In relationships lies trust – and whenever we recognize something that’s familiar or well-known to us, we automatically open up to it. It happens every time we make a phone call or receive a voice message on WhatsApp. Once we recognize the voice, we instantly connect the spoken words to that person and – in case of a friend’s or partner’s voice – establish our connection of trust.

But what if that trusty connection could be compromised? What if a voice could be synthesized by a third person in a way that makes it indistinguishable from the original one?

There are some very interesting studies that explore the possibility of “speech synthesis” in the matter of “speaker legitimacy” – the art of determining the authenticity of a voice heard. By the way, that doesn’t only affect us as humans. There are a number of systems that use a voice to recognize a person in order to grant access to sensitive data or controls – think about your digital assistant on your smart phone, for example.

Today, there are several ways to synthesize a voice – purely artificially or based on human input. To give you a quick overview: There is the articulatory approach, where basically the human speech apparatus is mimicked in order to modify a sound signal through different parameters, like the position of the tongue, lips or jaw. This approach is by far the most difficult to achieve due to the vast number of sensor measurements that have to be taken in several iterations of a speaker analysis. To this day, a complete speech synthesis system based solely on this approach doesn’t exist.
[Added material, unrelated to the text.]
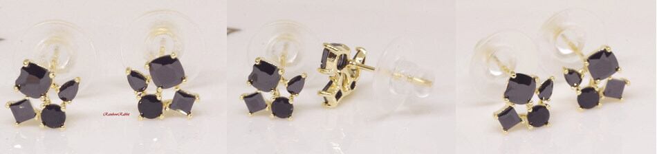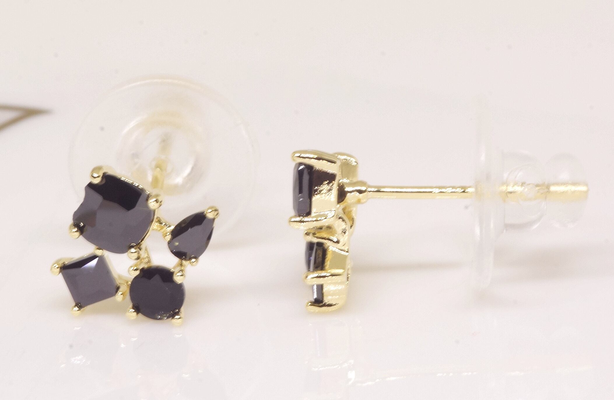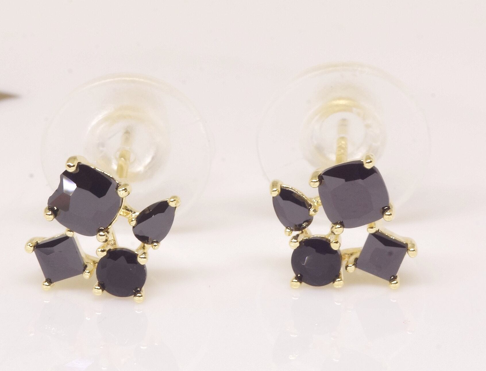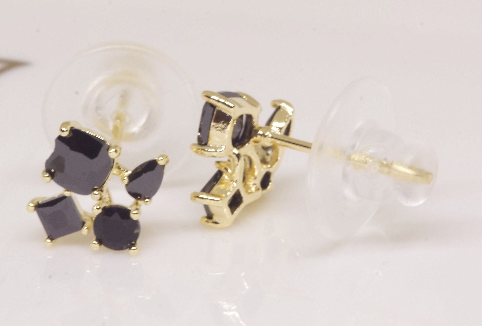 18K RGP ゴールド ダイヤ CZ ブラック フラワー ピアス gp5696

Another approach is the signal modelling approach. Where before, the signal was based on the question of “how does a human create it”, this approach raises the question “how the signal actually sounds” – so the acoustic signal itself is being modified here. This is basically done through applying several filters with specific settings in a specific order – the best results can mostly be achieved with a “convolutional neural network” (CNN), but there are many speech signals necessary for training the engine, and it comes with high computational cost.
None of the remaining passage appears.